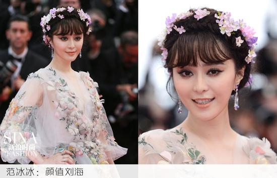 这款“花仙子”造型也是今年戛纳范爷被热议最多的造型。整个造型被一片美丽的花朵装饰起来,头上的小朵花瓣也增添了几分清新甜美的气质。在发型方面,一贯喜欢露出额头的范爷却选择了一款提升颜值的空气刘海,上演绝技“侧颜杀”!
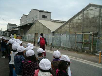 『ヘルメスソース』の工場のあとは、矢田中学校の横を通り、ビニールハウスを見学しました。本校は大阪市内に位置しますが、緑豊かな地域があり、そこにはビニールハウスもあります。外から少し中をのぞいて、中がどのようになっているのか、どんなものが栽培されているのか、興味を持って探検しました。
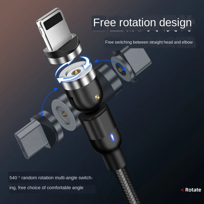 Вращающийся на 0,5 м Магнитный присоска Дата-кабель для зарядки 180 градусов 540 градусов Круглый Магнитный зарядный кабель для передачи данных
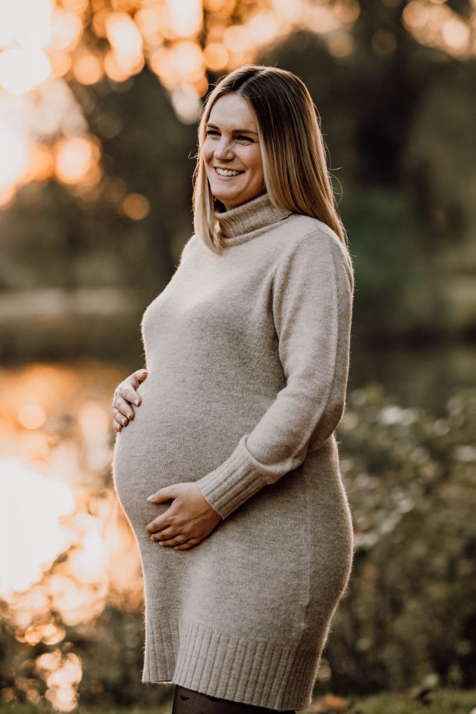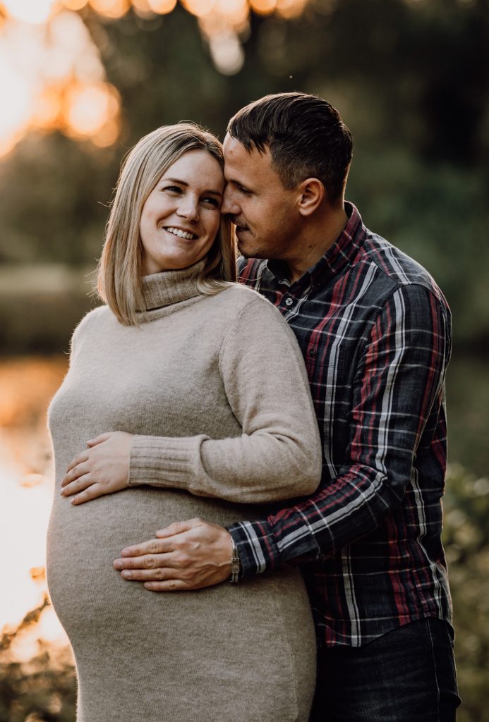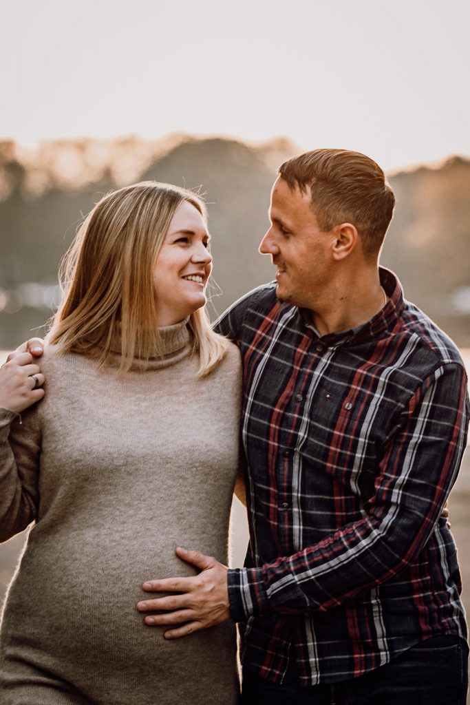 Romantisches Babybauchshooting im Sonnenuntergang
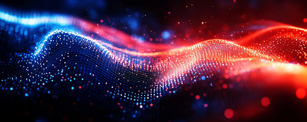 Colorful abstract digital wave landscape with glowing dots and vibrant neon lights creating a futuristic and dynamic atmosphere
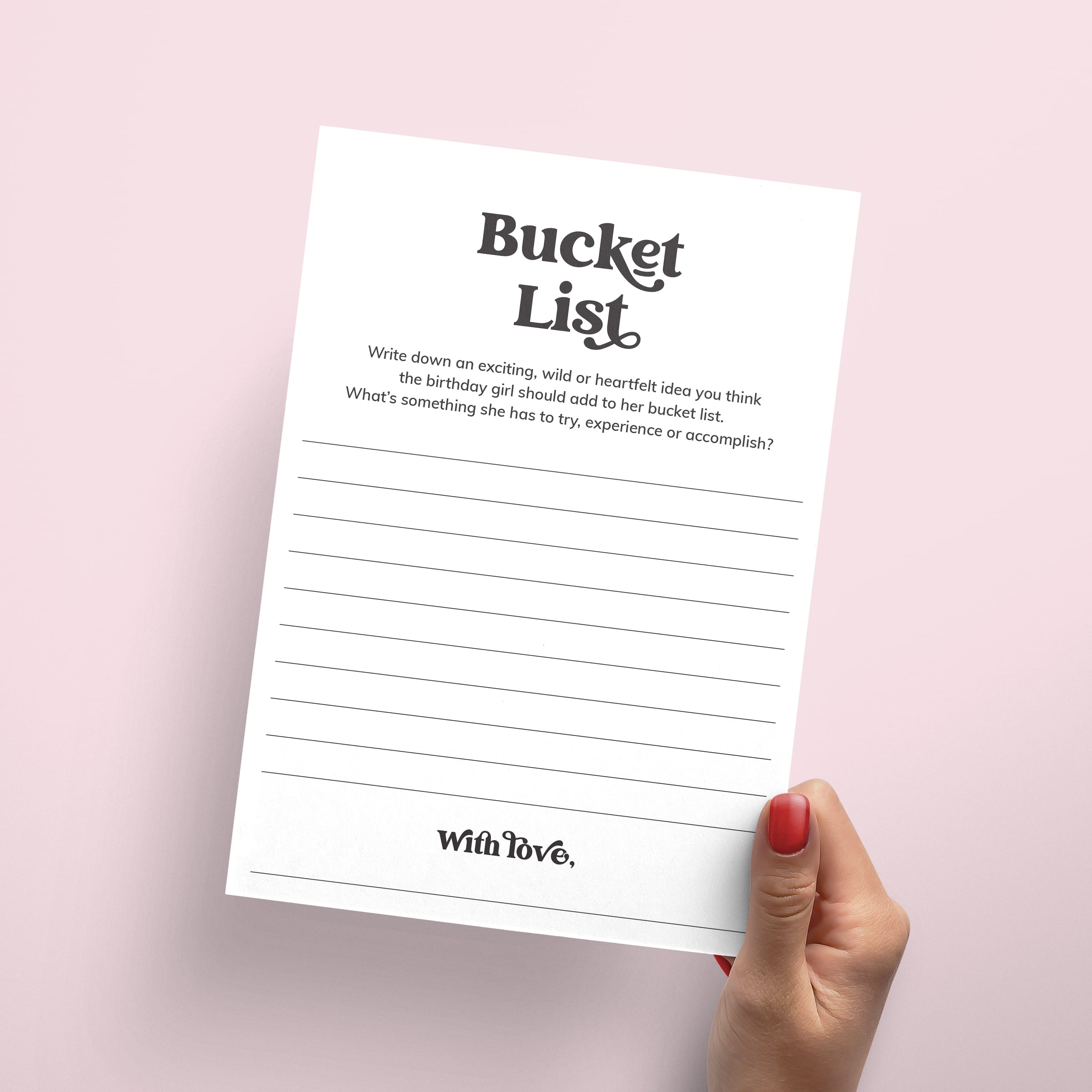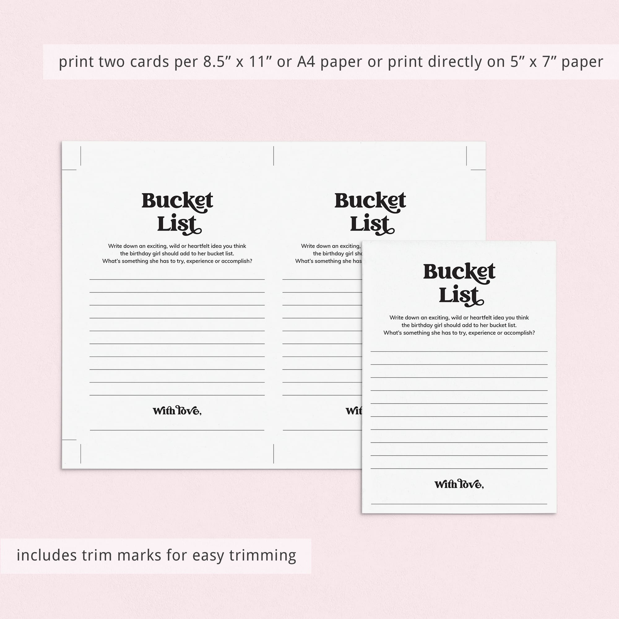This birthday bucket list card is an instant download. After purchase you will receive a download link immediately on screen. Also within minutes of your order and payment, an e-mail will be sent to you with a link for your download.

◆ ◆ ◆ ◆ ◆ ◆ ◆

• _To do_
Please copy exactly the lines from the one containing "Вращающийся на 0,5" through the last line of the records, both ends included, and leave out any pictures.

• _Output for this task_
 Вращающийся на 0,5 м Магнитный присоска Дата-кабель для зарядки 180 градусов 540 градусов Круглый Магнитный зарядный кабель для передачи данных
 Romantisches Babybauchshooting im Sonnenuntergang
 Colorful abstract digital wave landscape with glowing dots and vibrant neon lights creating a futuristic and dynamic atmosphere
This birthday bucket list card is an instant download. After purchase you will receive a download link immediately on screen. Also within minutes of your order and payment, an e-mail will be sent to you with a link for your download.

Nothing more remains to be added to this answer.